Maybe tractors in the hands of farmers could be compared to basic computers in the hands of lawyers? While the tractors themselves are getting smarter and hence more capable, the fact they are a part of an emerging “system of systems” is new. That is the foundation of the “Fourth industrial revolution” a fusion of the physical, digital and biological worlds through the “Internet of Everything”.

“We stand on the brink of a technological revolution. In its scale, scope, and complexity, the transformation will be unlike anything humankind has experienced before,” according to Klaus Schwab, founder of the World Economic Forum. In the same Fairfax Media article on Sydney’s agriculturally focussed innovation hub with its “unlikely alliance” of participants, Australia’s Chief Scientist, Dr Alan Finkel suggests ”The Internet of Things isn’t just a refrigerator connected to the internet. It is deep, it is complex and it is transformational.” But he also warned: “Keep in mind that like new medicines, everything good in technology has the potential for adverse side effects.”

Speaking of the growing need for lawyers, where are the raw materials and other components essential for the greater systematization of law? We are lucky here in Australia that the legal academics from Datalex mentioned above, re-directed their brilliance from AI and expert system tools, to freeing up the Law. That gave us AustLii in the mid 1990’s which now has 700+ free legal databases, and spawned the Free Access to Law Movement (FALM) world-wide.

They recognised that smart lawyers outside academia, and their tools, needed access to content to which they could add value. Providing access to primary legal materials became a priority, particularly when the legal profession, and clients were not ready for AI. Readily accessible legal materials are an important element of connected legal systems that will now flood into the legal world.

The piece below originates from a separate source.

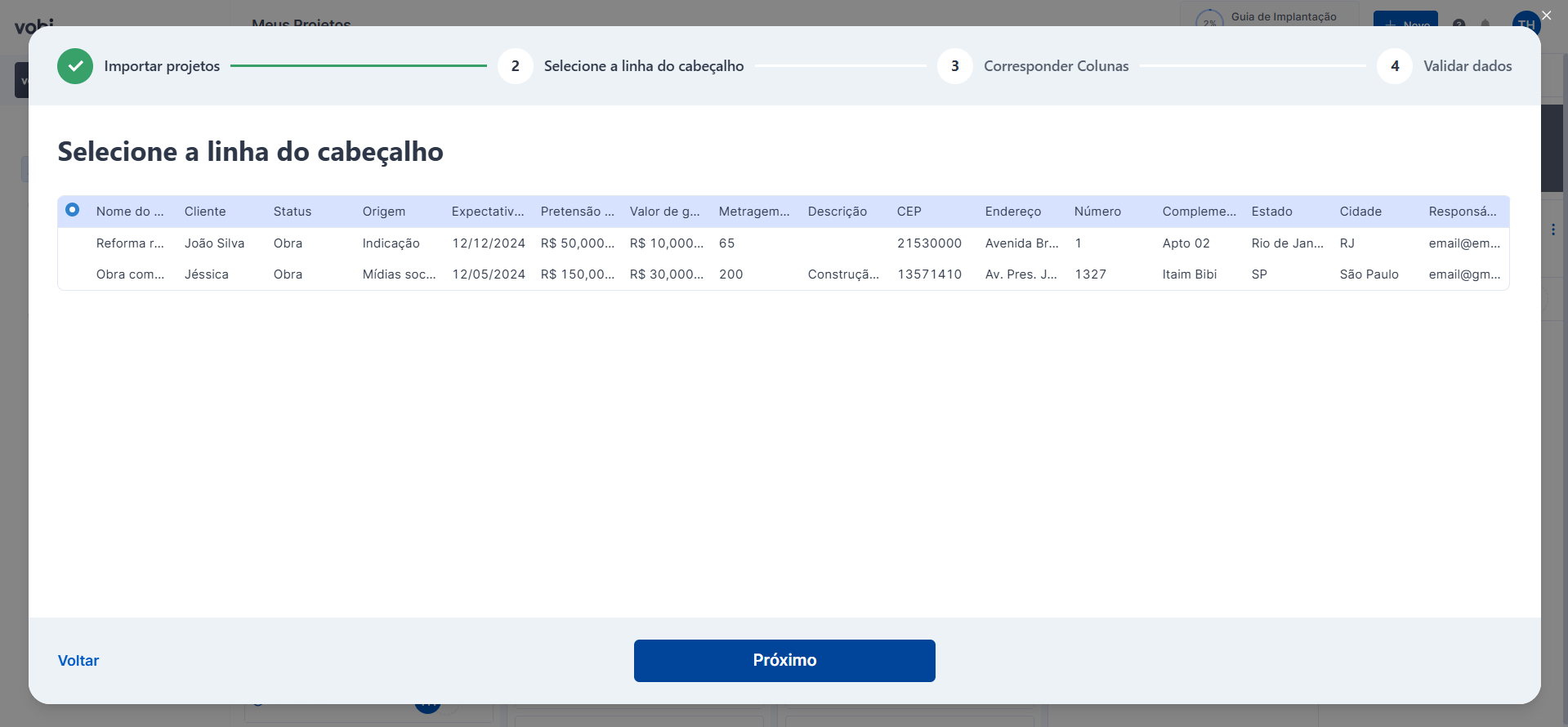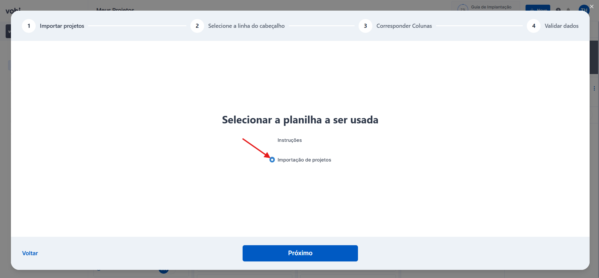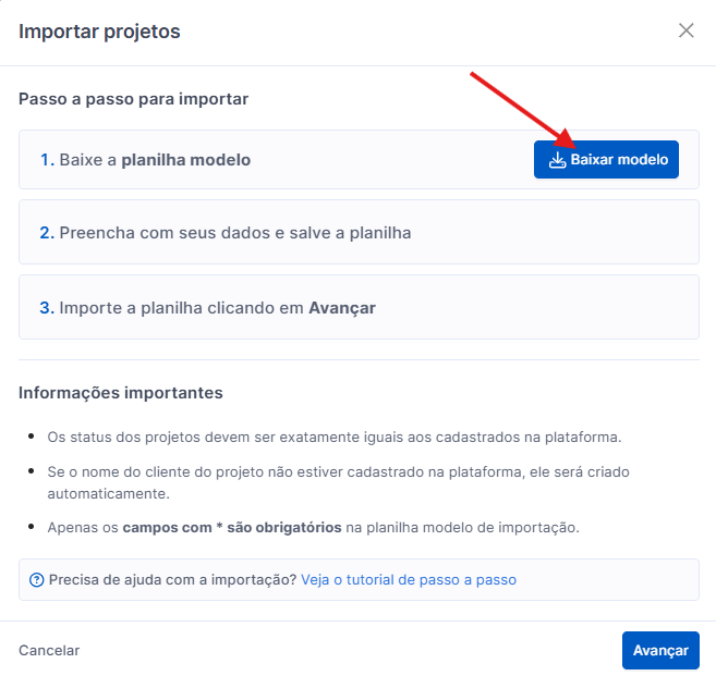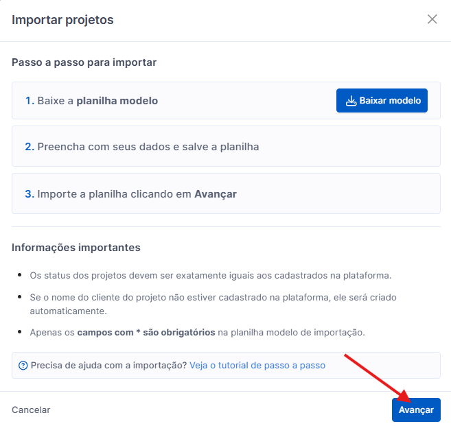 Para fazer a importação da sua planilha para a plataforma, vá até o menu de Projetos e, no mesmo local onde fez o download do modelo de importação, clique na opção Avançar. Selecione o arquivo que você acabou de baixar e siga o passo a passo a seguir.

Noric Dilanchian noted that in 2016 there’s almost a quarter of a trillion US dollars of corporate investment expecting smart, connected things will create enhanced product and service offerings. It is estimated that “by 2020, there will be 50 billion devices connected by the internet – many of these benign machine to machine connections.”

Between legal solution components such as self-executing contracts, and automated dispute resolution, the legal system in one form or another, will be wrapped in this new “web” of connectivity, regardless of the state of readiness of the traditional service providers.